In this project, we will examine the conditions that hold in a general family of distributions called the exponential family when entropy depends only on the size of the data and derive bounds for the entropy when the above conditions are not met before the acquirement of actual measurements.
|Mixture Model MCMC Inference|
We develop parallelizable samplers for Dirichlet process mixture models that do not require approximating the infinite model. Two sub-clusters are fit for each regular-cluster, and are used to propose large split and merge moves. Inference is shown to be orders of magnitude faster than traditional Gibbs sampling while being more robust to different initializations and hyper-parameters.

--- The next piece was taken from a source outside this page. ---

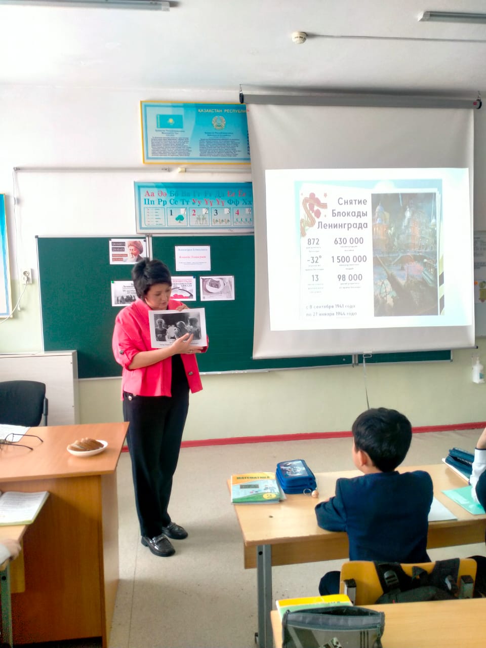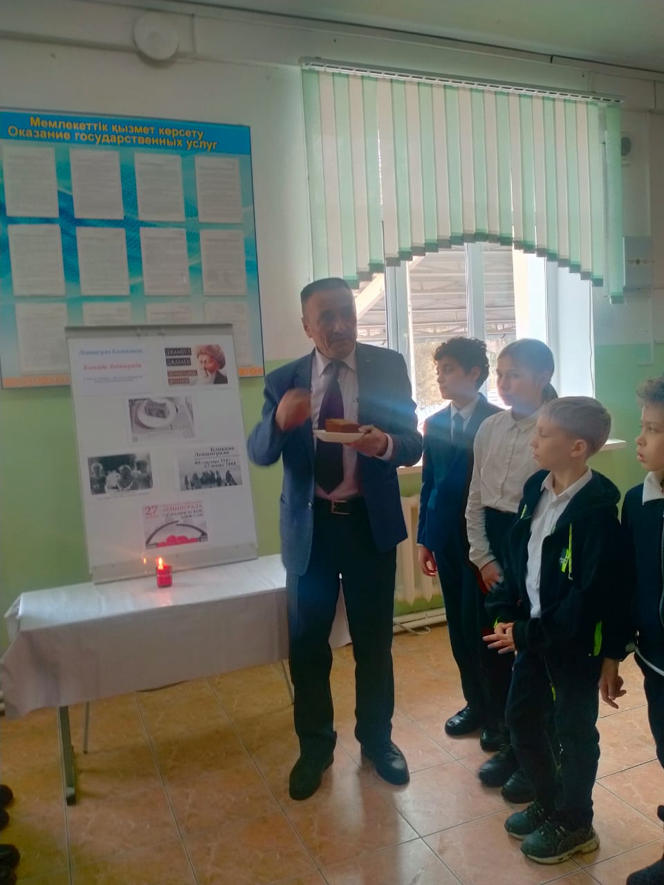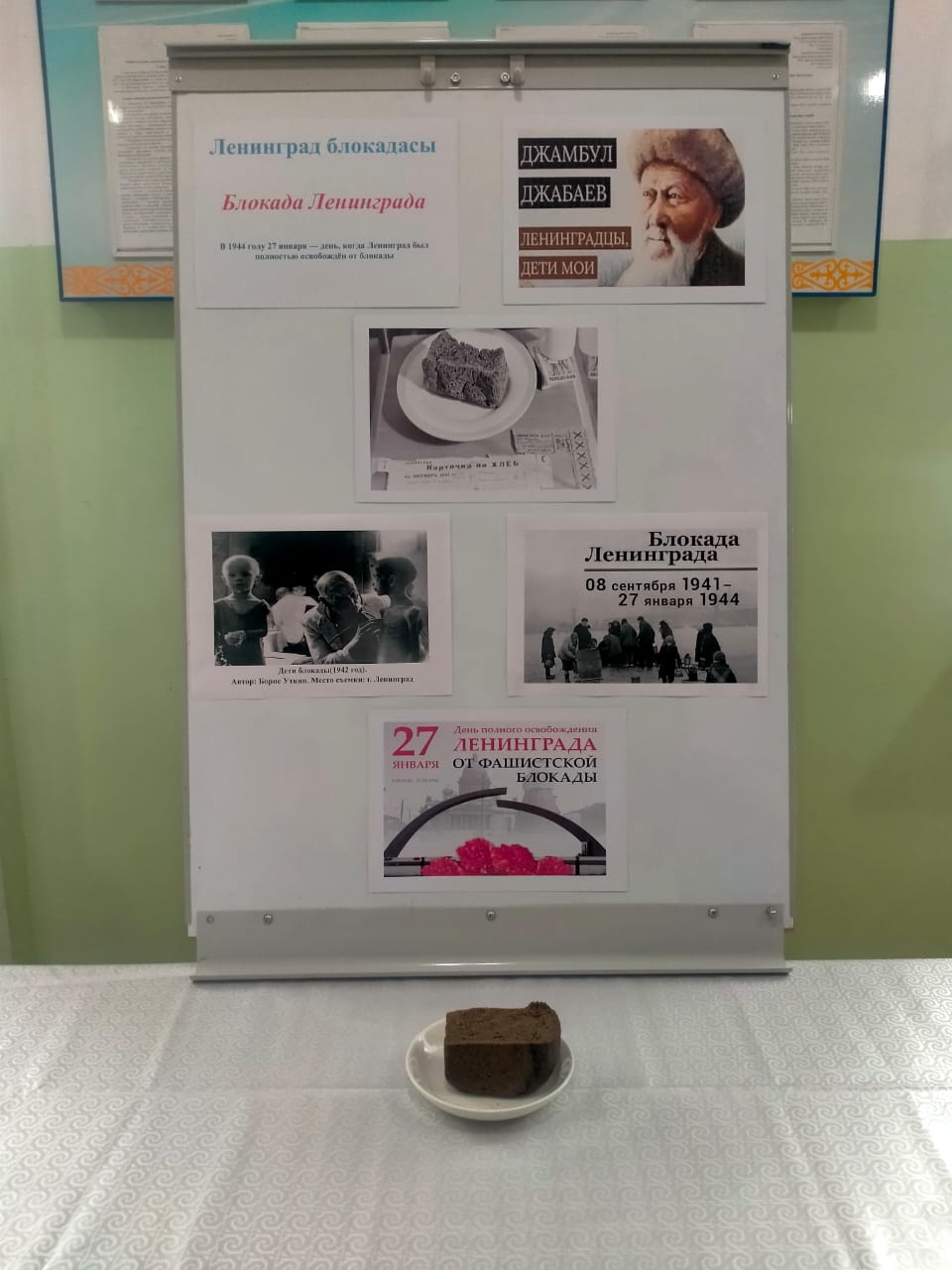 27.01.2025ж. "Ешкім де, ештеңе де ұмытылмайды" деген қағиданы ұстана отырып, жас ұрпаққа тарихымызды тереңінен ұғындыру мақсатында 900 күнге созылған Ленинград блокадасы, 900 күнге созылған аштық жайында оқушыларға түсіндірмелі жұмыстар жүргізілді. Ленинград блокадасы 1941 жылы 8 қыркүйекте басталып, 1944 жылы 27 қаңтарда Ленинград блокададан азат етілді. Осы тарихи кезеңге Ж.Жабаев "Ленинградтық өренім" атты өлеңін арнады.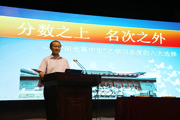 下午,学校老领导钱俊元副校长首先给同学们做了分数之上,名次之外——“阳光高中生”之学习态度的八大选择的讲座,他主要从学习的目的、路径、定位、方法、过程、策略、动力、状态等八个方面展开报告,幽默风趣,实例丰富,给同学们的健康成长指明了方向。

|Modeling Smoothly Varying Texture|
Utilizing the steerable pyramid of Simoncelli and Freeman  as a basis, we decompose textured regions of natural images into explicit local attributes of contrast, bias, scale, and orientation. Additionally, we impose smoothness on these attributes via Markov random fields. The combination allows for demonstrable improvements in common scene analysis applications including unsupervised segmentation, reflectance and shading estimation, and estimation of the radiometric response function from a single image.